Pendle Forest Hockey Club
- Full name: Pendle Forest Hockey Club
- League: Women's England Hockey League
- Founded: 1967; 59 years ago
- Home ground: Pendle Vale College, Oxford Road
- Website: Official website

= Pendle Forest Hockey Club =

English field hockey club

Pendle Forest Hockey Club is a field hockey club that is based at the Pendle Vale College, Nelson, Lancashire, England. The club was founded in 1967 and runs three women's teams in addition to various junior teams.

== History ==
The club was formed in 1967 as Nelson Ladies and played at the Nelson Cricket Club. The club played in the Lancashire Central Hockey League. The team trained at Mansfield High School, Lancashire in 1979.

In 1986 the club were the first to use the new all-weather floodlit facility at Pendle Leisure Centre in Colne and in 2000 a new astroturf pitch was laid as part of a £215,000 Pendle council scheme. After four decades as Nelson Ladies, the club were forced to move when the outdoor pitches were removed. They changed their name to the current name.

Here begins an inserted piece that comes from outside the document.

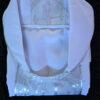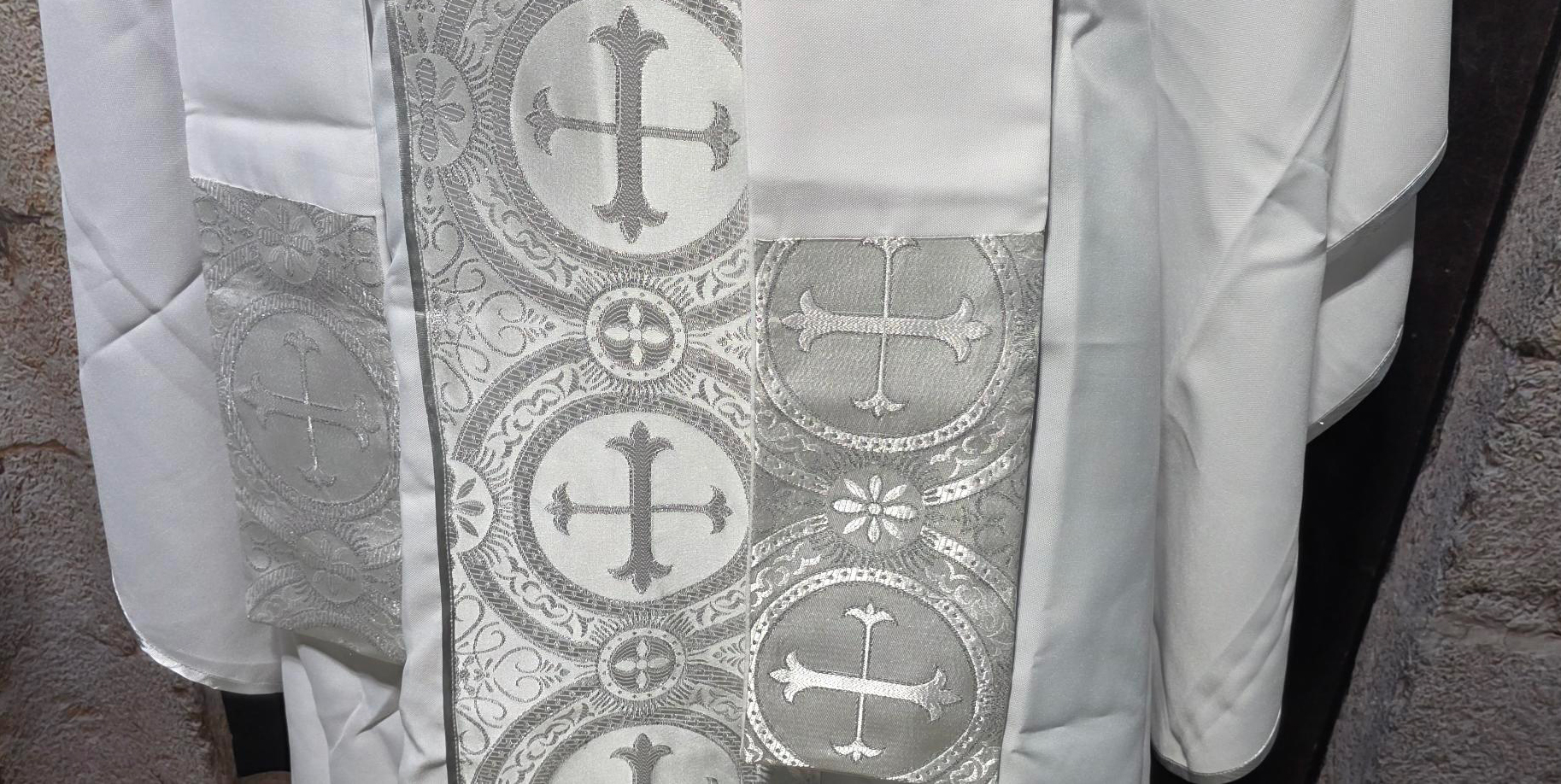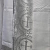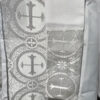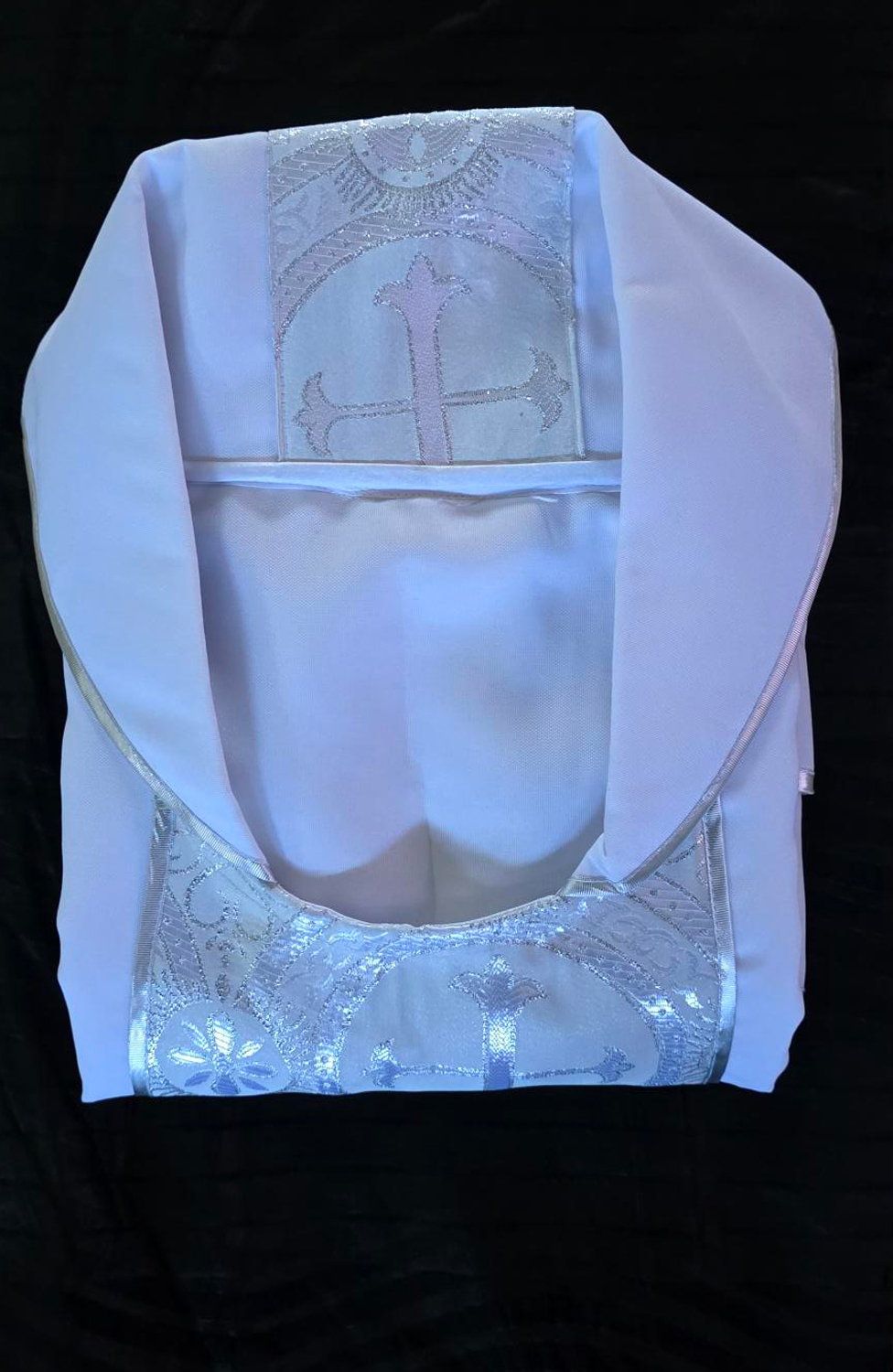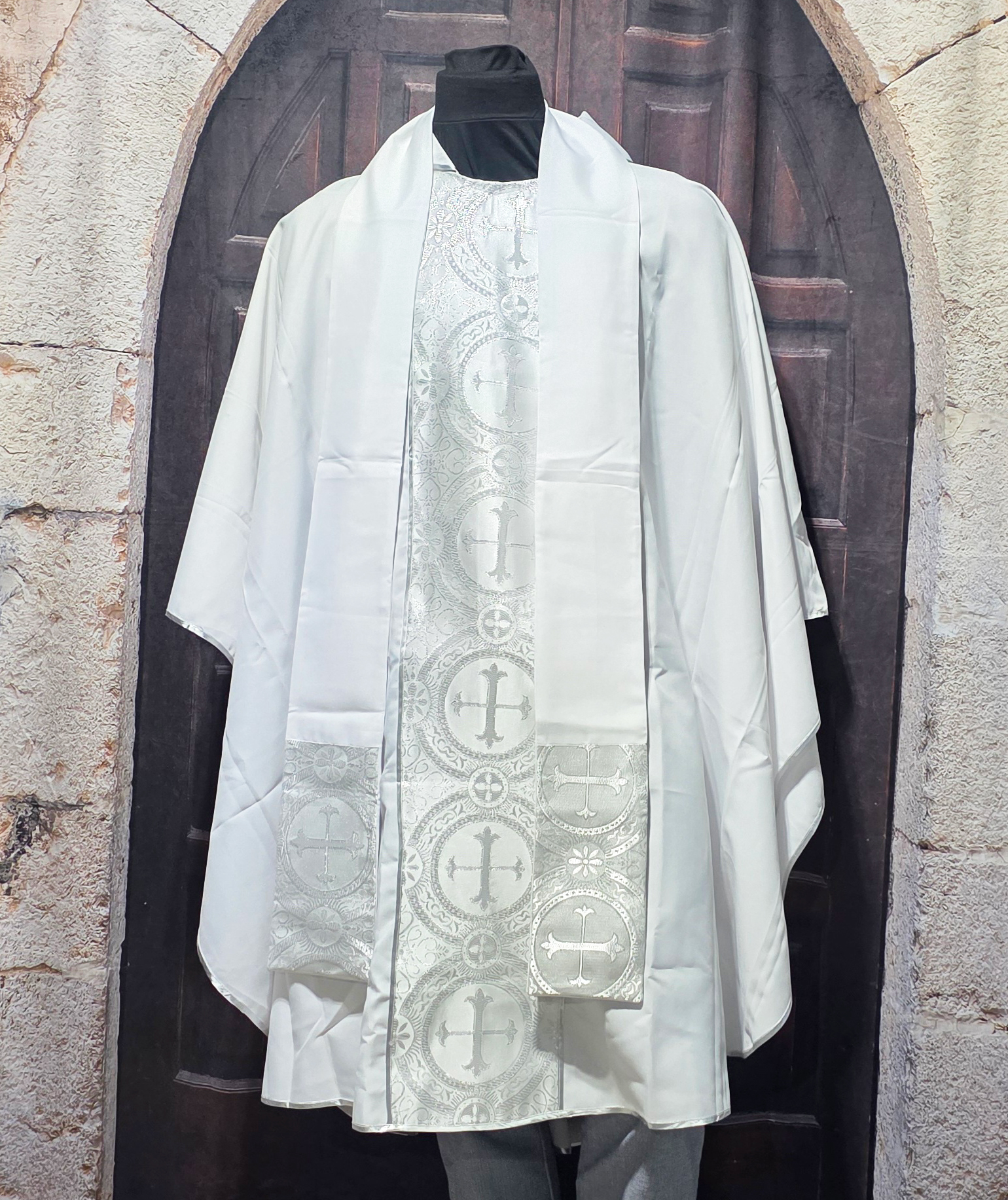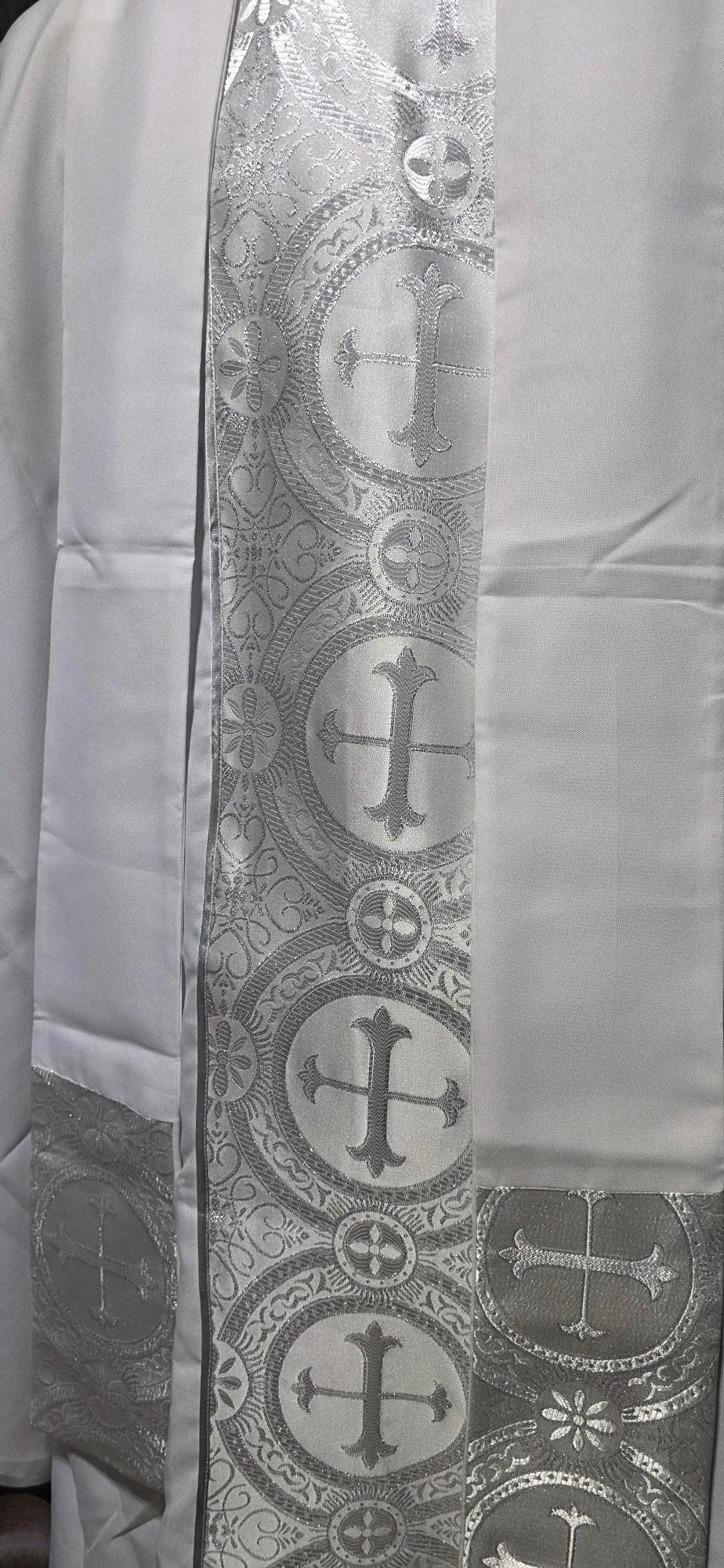 Cowl collar chasuble. Silver luxurious brocade tapestry banding on front and back.

From 2018 the women's first team underwent an 87 game unbeaten run and won Team of the Year at the England Hockey awards.

The women's first XI were promoted to the Women's England Hockey League for the 2024–25 Women's England Hockey League season, following a successful campaign winning the Conference North league in 2023/24 and were shortlisted for Women's Team of the Year.